### Required work
With the pictures left out, transcribe exactly the lines from the one with "讲座伊始,任教授向同学们介绍" through the end of the data.

Data excerpts
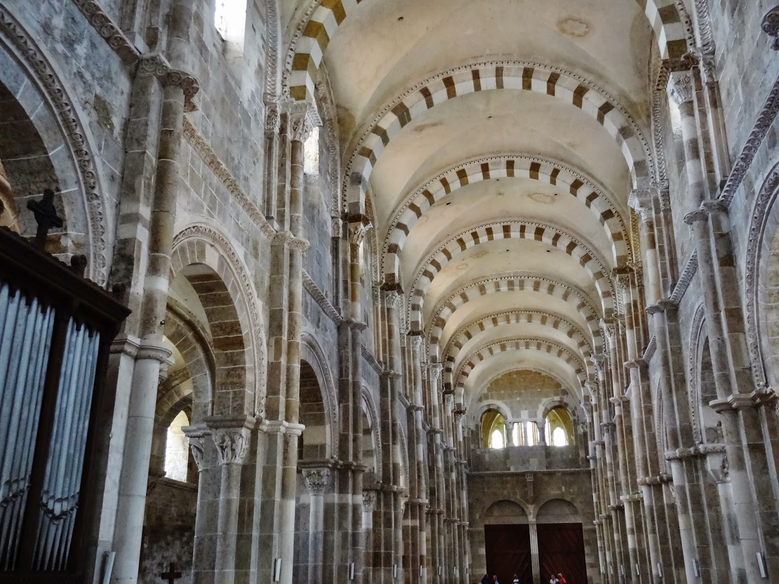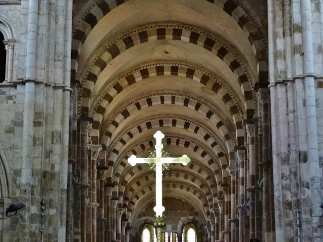 El interior de la Basílica es una nave románica, la más amplia de Francia en la que destacan y domina la luz que recibe la misma , como las majestuosas obras escultóricas que encontramos en cada paso que damos tanto en su capiteles, como en los tímpanos que presiden cada una de sus puertas.
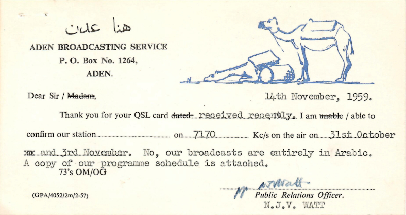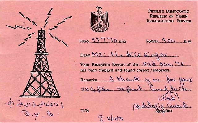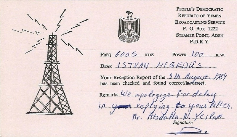 Yemen Broadcasting Service - 1984 ![]() QSL Contributed bt Istvan Hegedus (Hungary)
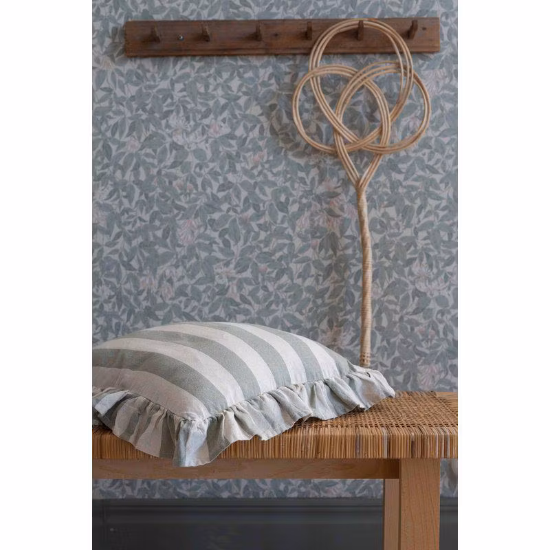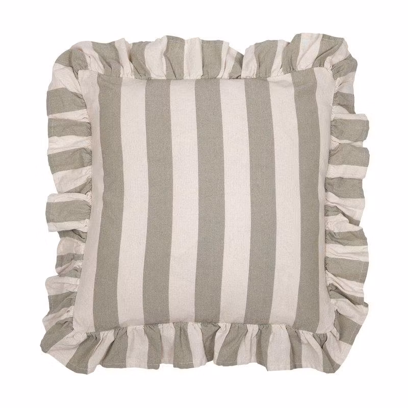 Kuddfodral i fin blockrand med en volangkant runtomkring, tillverkat av en miljövänlig blandning av återvunnnen bomull & poly.
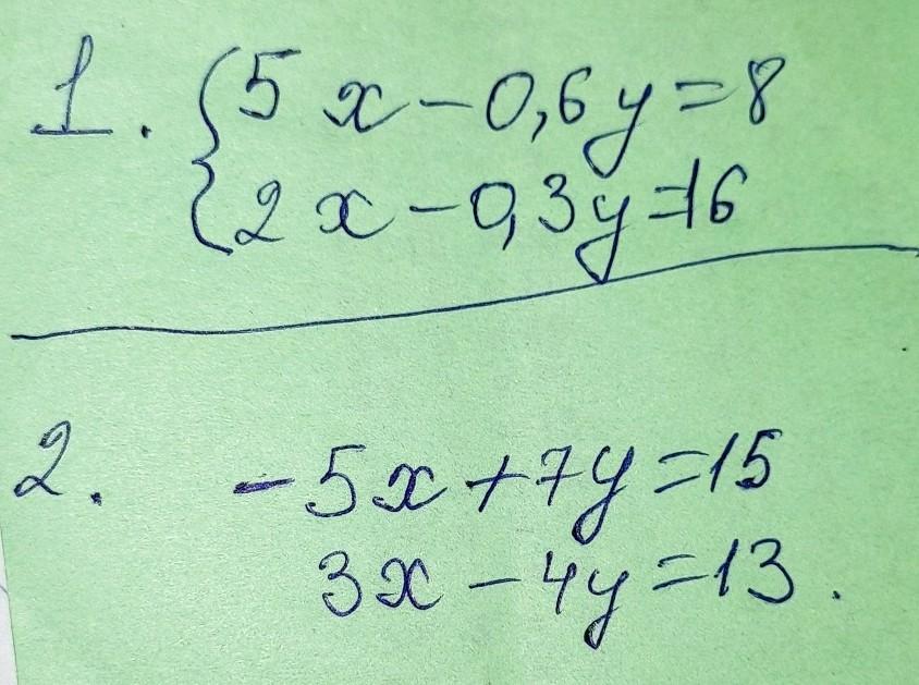 1) 2-е уравнение * на(-2), {5x-0,6y=8 u {-4x+0,6y=-32, сложим их, получим, х= -24, подставим в 1-е, 5*(-24)-0,6y=8, -0,6y=8+120,
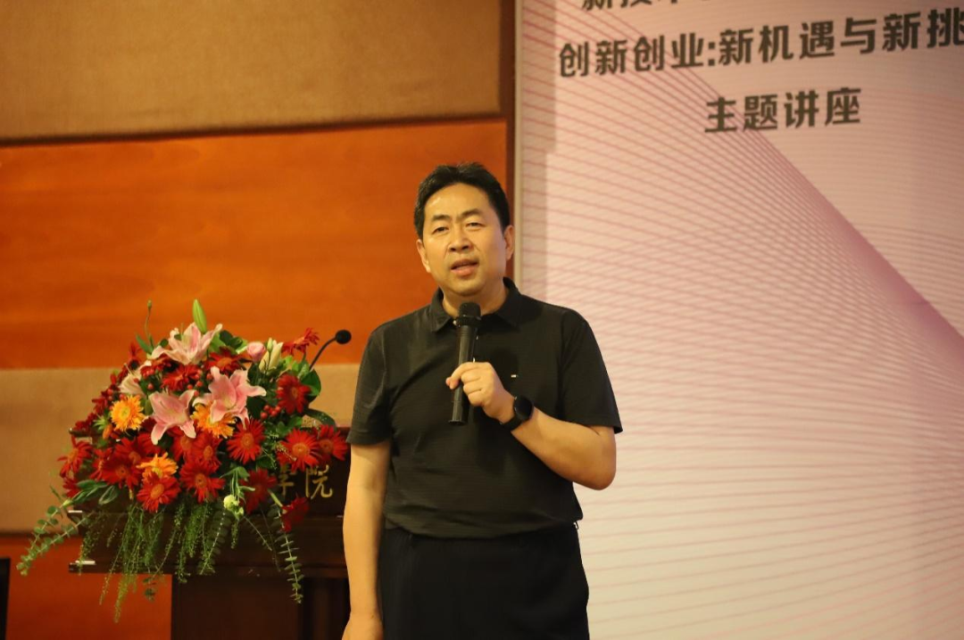 讲座伊始,任教授向同学们介绍了党二十大的关键词“高质量发展”和“中国式现代化”,并通过华为公司的例子分析企业发展和创新受阻的原因是技术难、人才难和方向难。任教授引用党的二十大报告:“加快实施创新驱动发展战略,加快实现高水平科技自立自强,以国家战略需求为导向,集聚力量进行原创性引领性科技攻关,坚决打赢关键核心技术攻坚战,加快实施一批具有战略性全局性前瞻性的国家重大科技项目,增强自主创新能力”,勉励同学们要积极思考和探索新产业新技术的未来。
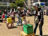 3歳児「どうぶつ遊び」おうちの方と手をつないで音楽を聞きながらお庭を歩く子どもた...
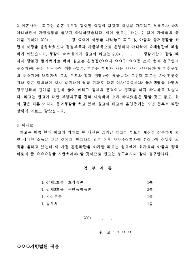 피고는 비록 현재 피고의 명의로 된 재산은 없지만 피고의 부모의 재산을 상속하게 되면 상당한 소득을 얻을 것이고, 원고와의 별거 이후 ○○주식회사에 취직하여 상당한 소득을 올리고 있는바 이 사건 혼인파탄을 야기한 피고는 원고에게 위자료와 아들의 양육비로서 금 ○○○원을 지급하여야 할 것이므로 원고는 청구취지와 같이 청구합니다.

### Result
 讲座伊始,任教授向同学们介绍了党二十大的关键词“高质量发展”和“中国式现代化”,并通过华为公司的例子分析企业发展和创新受阻的原因是技术难、人才难和方向难。任教授引用党的二十大报告:“加快实施创新驱动发展战略,加快实现高水平科技自立自强,以国家战略需求为导向,集聚力量进行原创性引领性科技攻关,坚决打赢关键核心技术攻坚战,加快实施一批具有战略性全局性前瞻性的国家重大科技项目,增强自主创新能力”,勉励同学们要积极思考和探索新产业新技术的未来。
 3歳児「どうぶつ遊び」おうちの方と手をつないで音楽を聞きながらお庭を歩く子どもた...
 피고는 비록 현재 피고의 명의로 된 재산은 없지만 피고의 부모의 재산을 상속하게 되면 상당한 소득을 얻을 것이고, 원고와의 별거 이후 ○○주식회사에 취직하여 상당한 소득을 올리고 있는바 이 사건 혼인파탄을 야기한 피고는 원고에게 위자료와 아들의 양육비로서 금 ○○○원을 지급하여야 할 것이므로 원고는 청구취지와 같이 청구합니다.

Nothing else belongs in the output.